### Exercise goal
Type the data below again exactly. Omit all pictures.

### Data
■ ■ ■

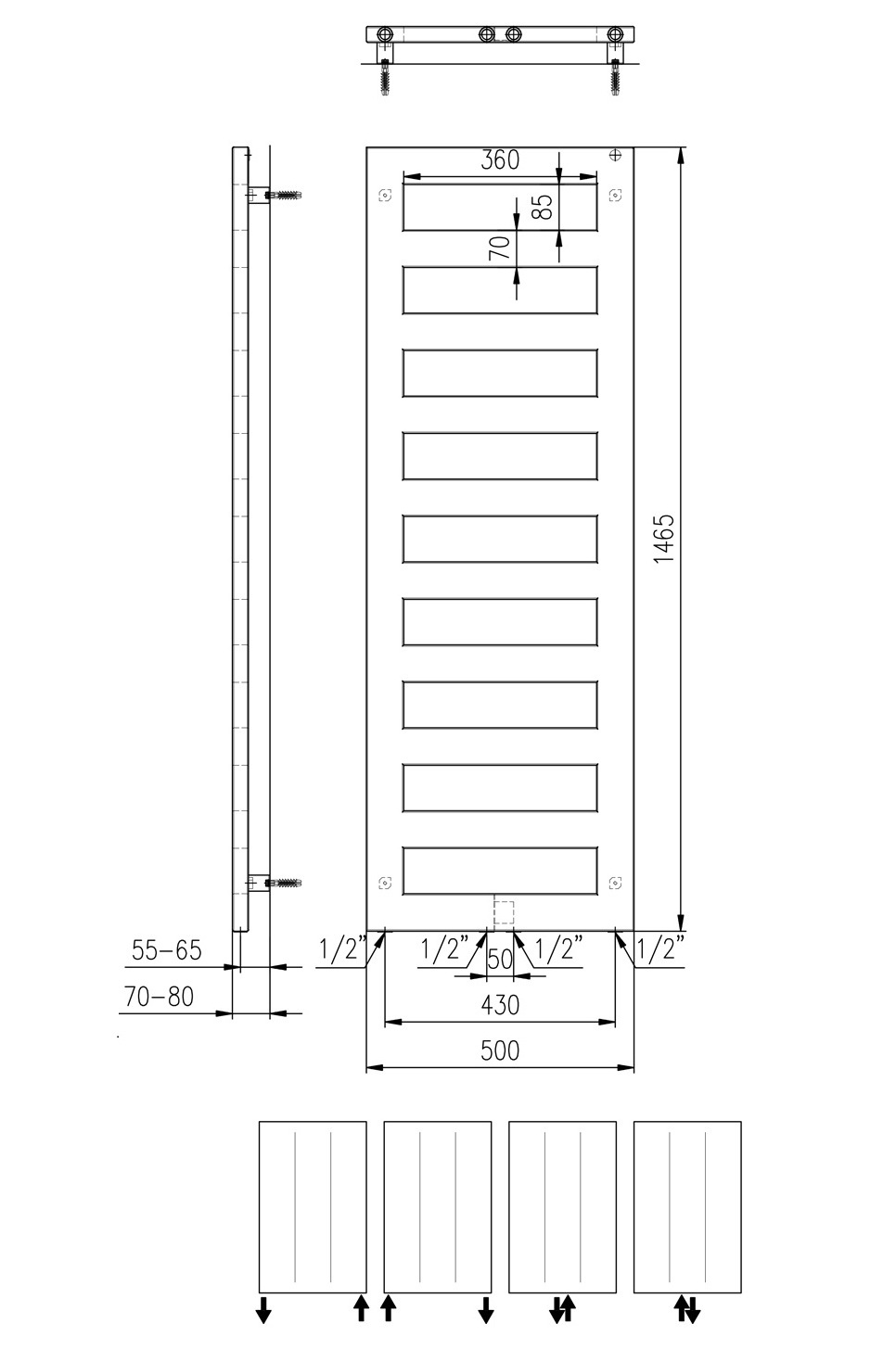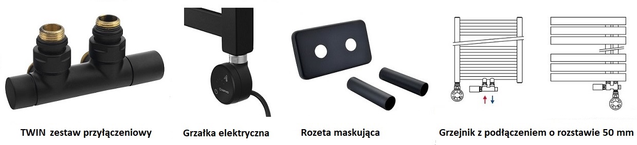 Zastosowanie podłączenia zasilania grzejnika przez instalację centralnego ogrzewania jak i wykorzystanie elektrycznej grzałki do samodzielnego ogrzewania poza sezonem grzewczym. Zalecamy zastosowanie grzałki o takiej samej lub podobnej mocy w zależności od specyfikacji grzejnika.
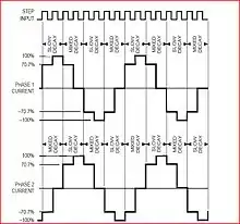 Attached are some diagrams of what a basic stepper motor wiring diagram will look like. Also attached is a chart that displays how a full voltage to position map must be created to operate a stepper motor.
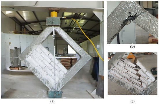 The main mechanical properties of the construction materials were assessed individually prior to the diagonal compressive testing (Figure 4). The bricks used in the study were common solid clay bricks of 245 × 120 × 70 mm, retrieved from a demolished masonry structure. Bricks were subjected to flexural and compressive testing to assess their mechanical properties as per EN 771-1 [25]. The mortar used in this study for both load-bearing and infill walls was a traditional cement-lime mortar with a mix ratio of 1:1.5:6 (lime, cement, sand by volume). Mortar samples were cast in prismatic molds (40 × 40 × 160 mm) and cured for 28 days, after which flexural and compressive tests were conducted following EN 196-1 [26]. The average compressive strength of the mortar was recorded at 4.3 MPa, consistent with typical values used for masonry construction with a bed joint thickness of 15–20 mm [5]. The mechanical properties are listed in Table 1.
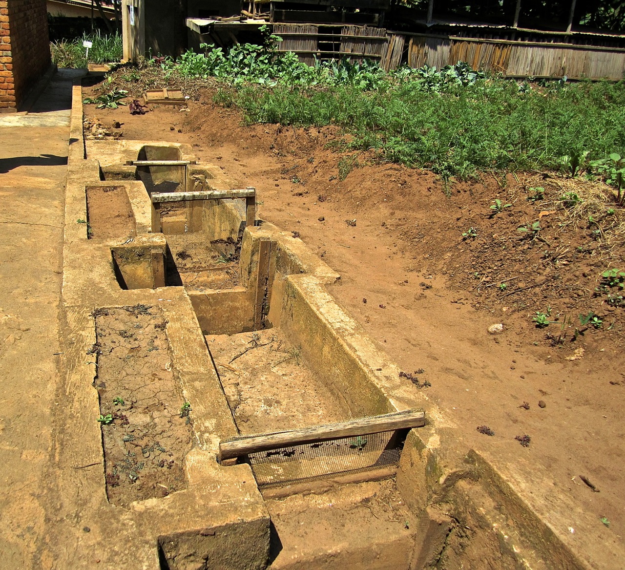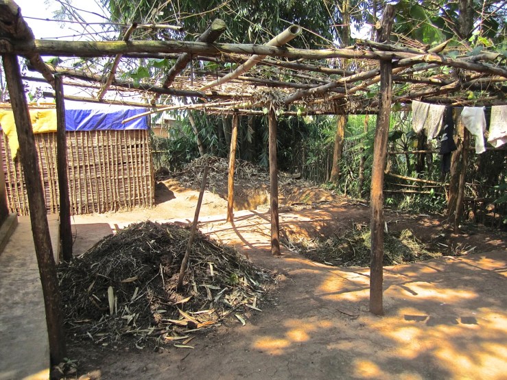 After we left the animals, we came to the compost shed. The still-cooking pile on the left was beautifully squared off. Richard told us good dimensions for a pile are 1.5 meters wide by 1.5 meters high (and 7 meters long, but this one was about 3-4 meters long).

■ ■ ■

### Finished task
 Zastosowanie podłączenia zasilania grzejnika przez instalację centralnego ogrzewania jak i wykorzystanie elektrycznej grzałki do samodzielnego ogrzewania poza sezonem grzewczym. Zalecamy zastosowanie grzałki o takiej samej lub podobnej mocy w zależności od specyfikacji grzejnika.
 Attached are some diagrams of what a basic stepper motor wiring diagram will look like. Also attached is a chart that displays how a full voltage to position map must be created to operate a stepper motor.
 The main mechanical properties of the construction materials were assessed individually prior to the diagonal compressive testing (Figure 4). The bricks used in the study were common solid clay bricks of 245 × 120 × 70 mm, retrieved from a demolished masonry structure. Bricks were subjected to flexural and compressive testing to assess their mechanical properties as per EN 771-1 [25]. The mortar used in this study for both load-bearing and infill walls was a traditional cement-lime mortar with a mix ratio of 1:1.5:6 (lime, cement, sand by volume). Mortar samples were cast in prismatic molds (40 × 40 × 160 mm) and cured for 28 days, after which flexural and compressive tests were conducted following EN 196-1 [26]. The average compressive strength of the mortar was recorded at 4.3 MPa, consistent with typical values used for masonry construction with a bed joint thickness of 15–20 mm [5]. The mechanical properties are listed in Table 1.
 After we left the animals, we came to the compost shed. The still-cooking pile on the left was beautifully squared off. Richard told us good dimensions for a pile are 1.5 meters wide by 1.5 meters high (and 7 meters long, but this one was about 3-4 meters long).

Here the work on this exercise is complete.